TASK TO CARRY OUT: Transcribe only the lines in the data below falling between the line with "基础医学院书记赵万红宣读20" and the line with "Platform Women's Ankle", including those two lines, and leave out any picture.

INPUT DATA:
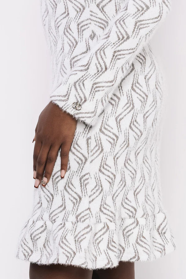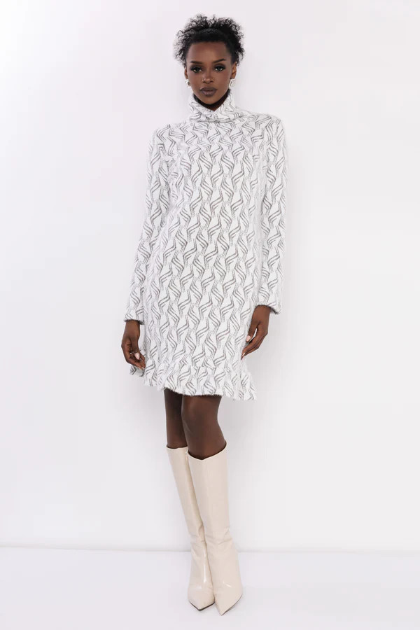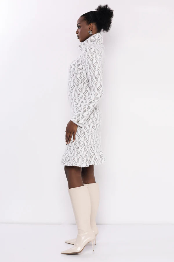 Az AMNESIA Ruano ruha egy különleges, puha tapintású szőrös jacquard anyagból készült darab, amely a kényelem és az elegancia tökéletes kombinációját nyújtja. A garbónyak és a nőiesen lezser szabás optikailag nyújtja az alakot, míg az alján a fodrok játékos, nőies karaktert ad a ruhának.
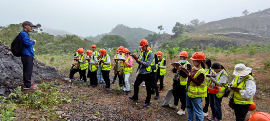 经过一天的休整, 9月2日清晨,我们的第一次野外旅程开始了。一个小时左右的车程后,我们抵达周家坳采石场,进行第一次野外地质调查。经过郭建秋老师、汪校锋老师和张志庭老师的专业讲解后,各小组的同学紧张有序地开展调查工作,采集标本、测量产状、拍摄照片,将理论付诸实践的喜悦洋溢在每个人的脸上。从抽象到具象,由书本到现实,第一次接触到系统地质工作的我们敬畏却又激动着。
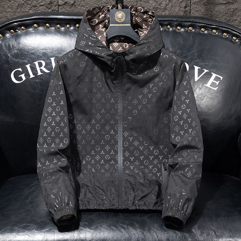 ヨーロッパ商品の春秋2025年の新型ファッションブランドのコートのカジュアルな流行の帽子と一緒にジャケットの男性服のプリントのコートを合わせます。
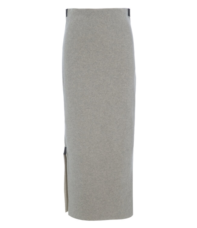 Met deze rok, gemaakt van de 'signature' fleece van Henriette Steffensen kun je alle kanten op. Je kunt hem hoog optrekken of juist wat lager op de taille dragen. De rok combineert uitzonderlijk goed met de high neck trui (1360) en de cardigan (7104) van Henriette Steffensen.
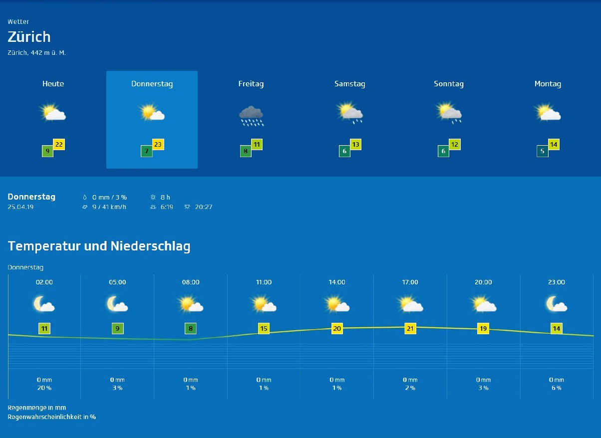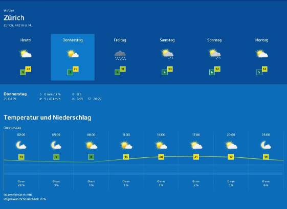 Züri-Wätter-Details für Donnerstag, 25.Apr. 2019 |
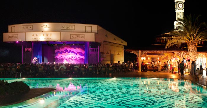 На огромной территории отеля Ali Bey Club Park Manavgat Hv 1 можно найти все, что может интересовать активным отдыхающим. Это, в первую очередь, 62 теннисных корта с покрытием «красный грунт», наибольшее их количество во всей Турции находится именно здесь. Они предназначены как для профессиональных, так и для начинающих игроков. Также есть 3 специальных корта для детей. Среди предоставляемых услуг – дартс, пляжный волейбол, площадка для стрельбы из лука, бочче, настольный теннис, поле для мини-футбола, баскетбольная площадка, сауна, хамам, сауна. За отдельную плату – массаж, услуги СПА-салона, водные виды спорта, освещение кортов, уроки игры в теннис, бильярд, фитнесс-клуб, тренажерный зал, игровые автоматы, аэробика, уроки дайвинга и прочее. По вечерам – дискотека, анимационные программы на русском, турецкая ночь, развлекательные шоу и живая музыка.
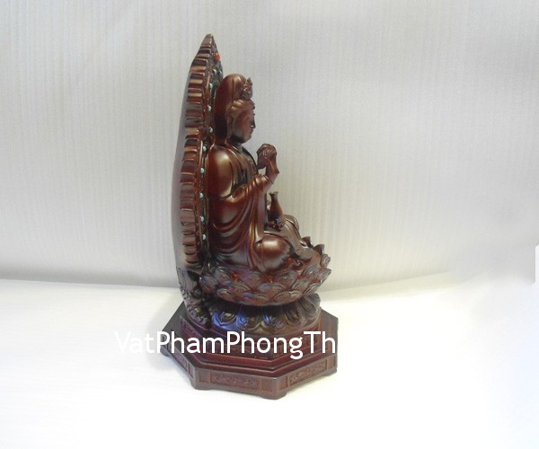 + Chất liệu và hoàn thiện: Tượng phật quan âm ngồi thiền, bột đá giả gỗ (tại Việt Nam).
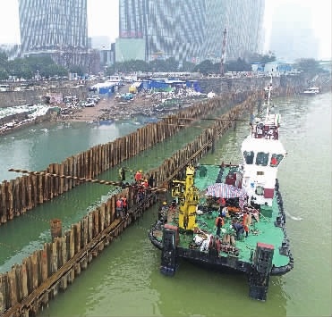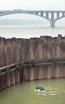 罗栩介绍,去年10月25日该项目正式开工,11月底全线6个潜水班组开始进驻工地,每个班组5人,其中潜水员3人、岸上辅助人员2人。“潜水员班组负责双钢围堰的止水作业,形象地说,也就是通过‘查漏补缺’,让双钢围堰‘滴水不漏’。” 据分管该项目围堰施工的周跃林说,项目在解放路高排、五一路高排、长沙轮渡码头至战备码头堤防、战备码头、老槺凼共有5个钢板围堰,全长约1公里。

--

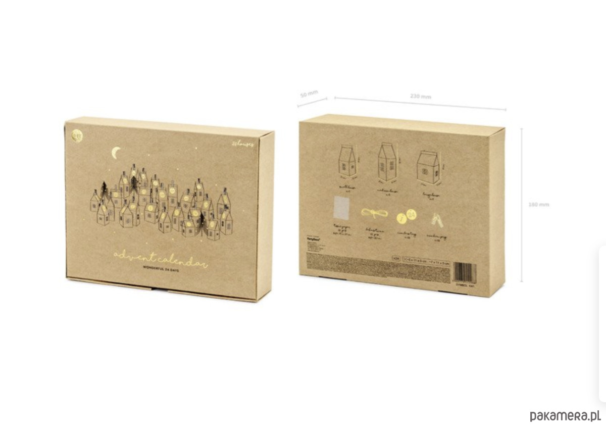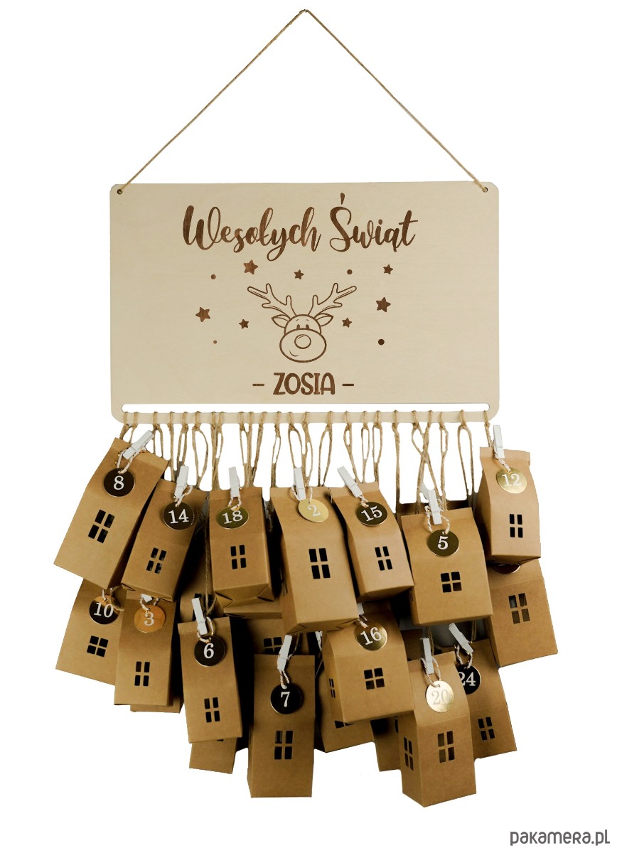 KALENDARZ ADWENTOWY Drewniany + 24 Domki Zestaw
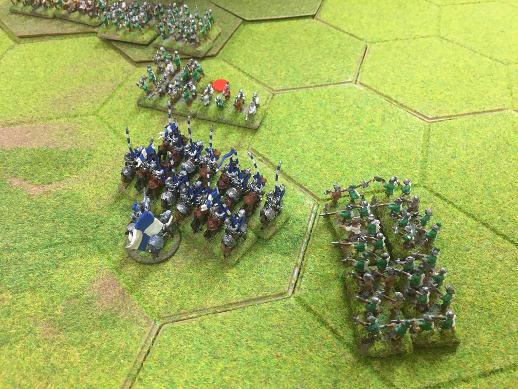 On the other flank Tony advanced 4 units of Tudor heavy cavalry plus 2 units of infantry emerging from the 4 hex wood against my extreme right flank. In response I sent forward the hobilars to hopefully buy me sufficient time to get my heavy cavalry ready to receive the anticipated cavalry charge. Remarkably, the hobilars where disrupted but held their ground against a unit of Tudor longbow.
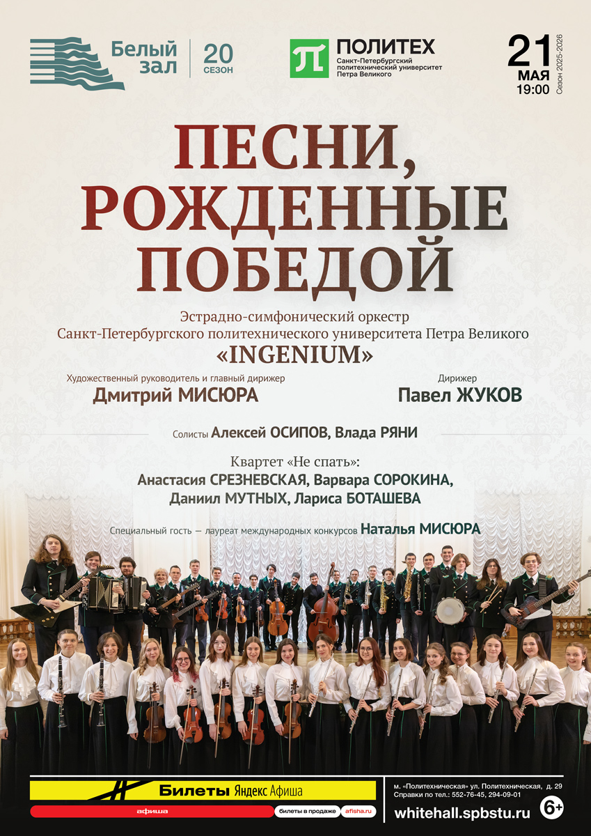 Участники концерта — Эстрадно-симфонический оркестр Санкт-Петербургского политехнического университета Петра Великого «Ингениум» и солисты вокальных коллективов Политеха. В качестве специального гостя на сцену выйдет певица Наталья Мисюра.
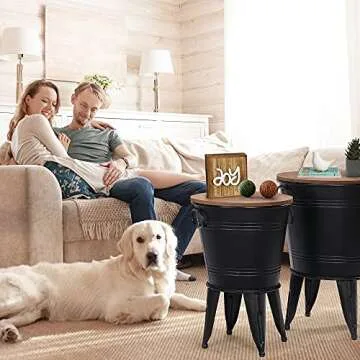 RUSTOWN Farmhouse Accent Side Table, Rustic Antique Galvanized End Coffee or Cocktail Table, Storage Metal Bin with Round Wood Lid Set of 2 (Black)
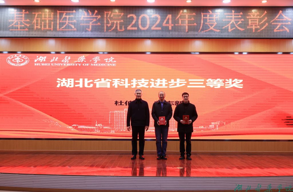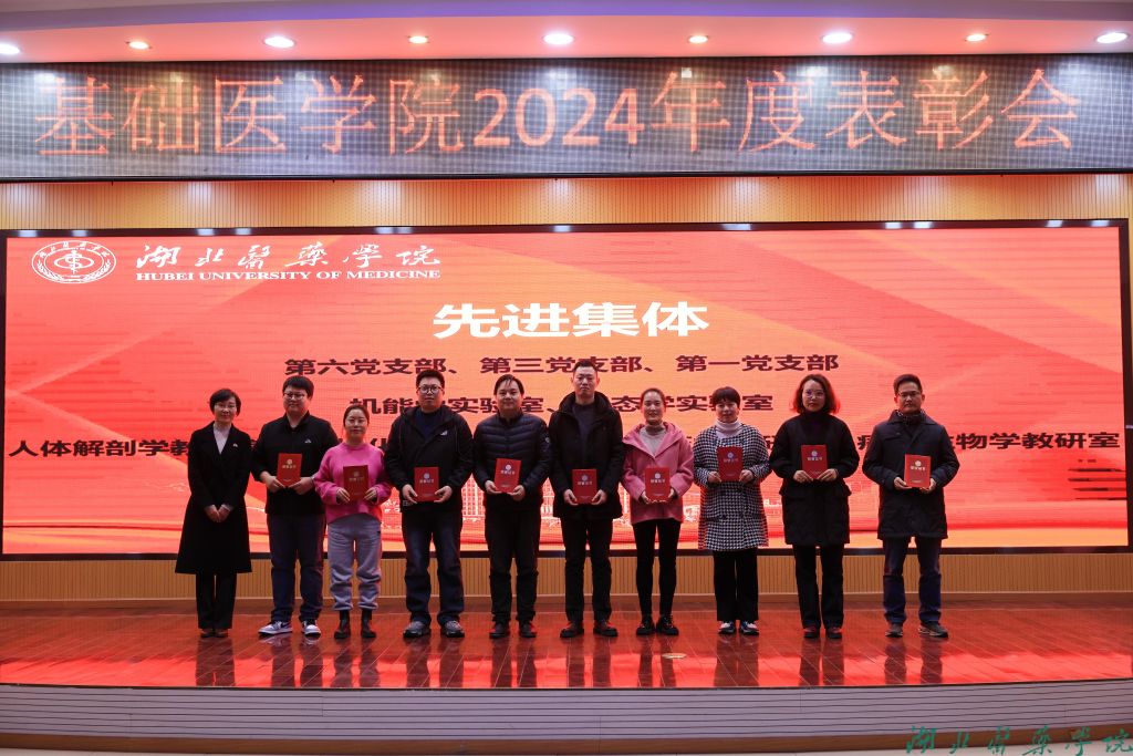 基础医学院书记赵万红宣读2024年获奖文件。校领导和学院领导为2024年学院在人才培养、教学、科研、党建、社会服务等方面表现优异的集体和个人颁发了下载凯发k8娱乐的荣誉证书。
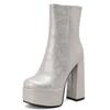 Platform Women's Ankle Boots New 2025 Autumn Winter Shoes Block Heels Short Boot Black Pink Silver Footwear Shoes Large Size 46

EXERCISE RESPONSE:
 基础医学院书记赵万红宣读2024年获奖文件。校领导和学院领导为2024年学院在人才培养、教学、科研、党建、社会服务等方面表现优异的集体和个人颁发了下载凯发k8娱乐的荣誉证书。
 Platform Women's Ankle Boots New 2025 Autumn Winter Shoes Block Heels Short Boot Black Pink Silver Footwear Shoes Large Size 46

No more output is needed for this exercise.